Activity | Once you find the line with "美國總統奧巴馬簽署7,870" in the data below, transcribe exactly each line from there to the line with "На вечеринке она", inclusive, and nothing else. Drop the pictures.

Material for the task |
* * * *

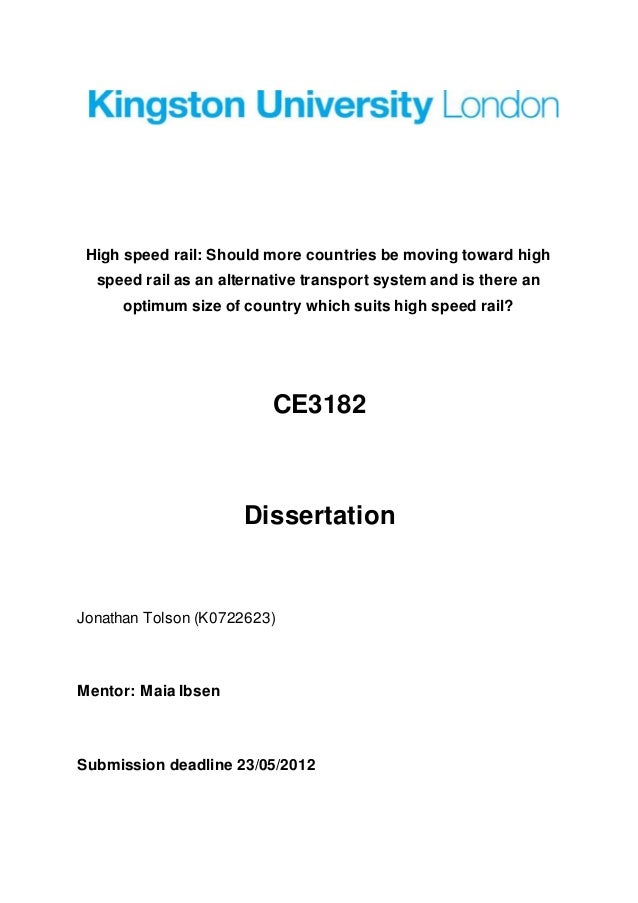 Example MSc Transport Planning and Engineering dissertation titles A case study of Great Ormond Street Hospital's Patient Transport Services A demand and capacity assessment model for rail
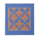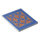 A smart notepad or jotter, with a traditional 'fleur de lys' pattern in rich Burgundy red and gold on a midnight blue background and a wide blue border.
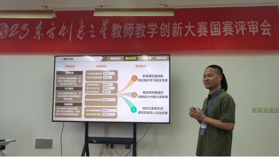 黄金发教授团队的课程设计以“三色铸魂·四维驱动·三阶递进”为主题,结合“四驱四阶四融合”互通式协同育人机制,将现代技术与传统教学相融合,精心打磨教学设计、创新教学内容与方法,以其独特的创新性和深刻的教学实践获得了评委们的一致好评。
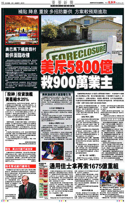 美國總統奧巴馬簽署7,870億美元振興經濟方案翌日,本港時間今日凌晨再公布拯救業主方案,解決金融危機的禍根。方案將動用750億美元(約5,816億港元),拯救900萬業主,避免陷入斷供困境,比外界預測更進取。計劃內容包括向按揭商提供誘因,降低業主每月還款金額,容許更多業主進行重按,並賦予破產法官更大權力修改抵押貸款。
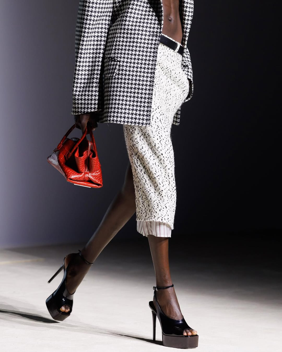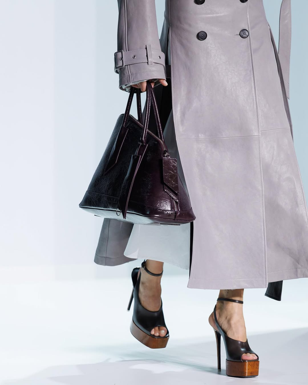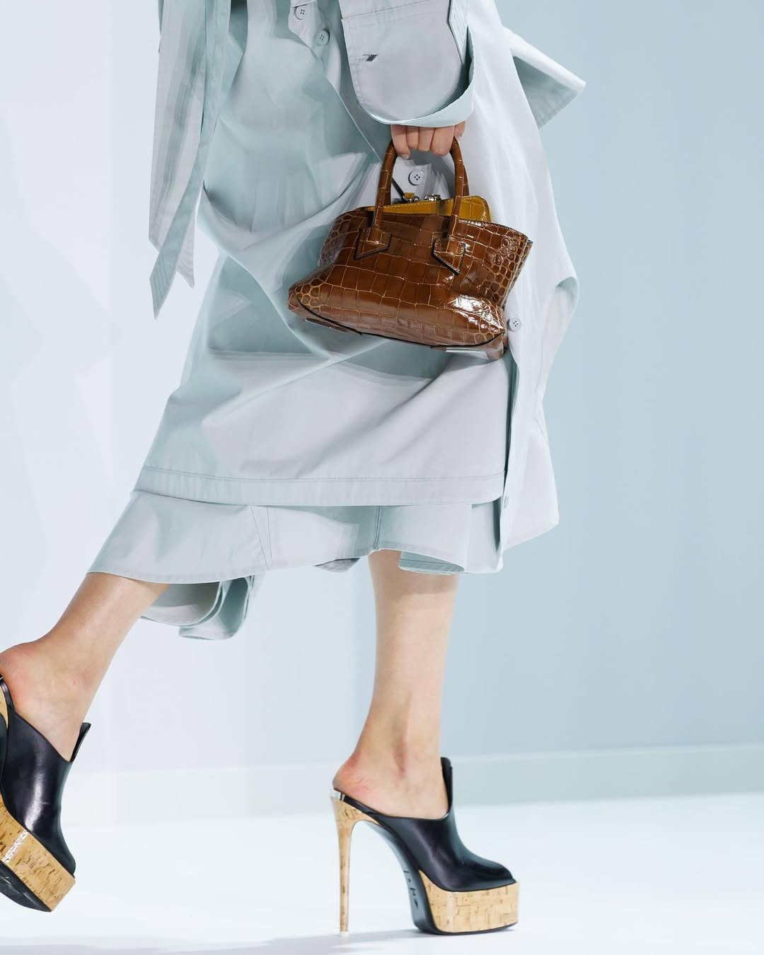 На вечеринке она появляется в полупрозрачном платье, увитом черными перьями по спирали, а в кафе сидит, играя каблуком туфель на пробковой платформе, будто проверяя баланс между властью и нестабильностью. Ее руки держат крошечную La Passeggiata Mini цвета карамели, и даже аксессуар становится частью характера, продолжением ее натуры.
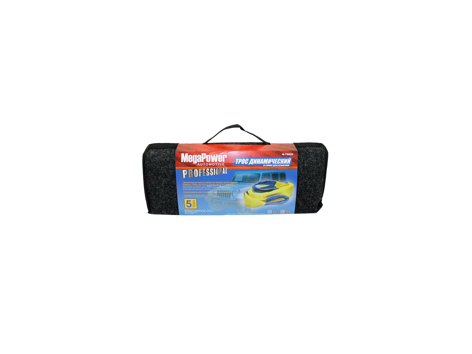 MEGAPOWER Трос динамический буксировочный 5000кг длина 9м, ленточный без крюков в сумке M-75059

* * * *

Written answer |
 美國總統奧巴馬簽署7,870億美元振興經濟方案翌日,本港時間今日凌晨再公布拯救業主方案,解決金融危機的禍根。方案將動用750億美元(約5,816億港元),拯救900萬業主,避免陷入斷供困境,比外界預測更進取。計劃內容包括向按揭商提供誘因,降低業主每月還款金額,容許更多業主進行重按,並賦予破產法官更大權力修改抵押貸款。
 На вечеринке она появляется в полупрозрачном платье, увитом черными перьями по спирали, а в кафе сидит, играя каблуком туфель на пробковой платформе, будто проверяя баланс между властью и нестабильностью. Ее руки держат крошечную La Passeggiata Mini цвета карамели, и даже аксессуар становится частью характера, продолжением ее натуры.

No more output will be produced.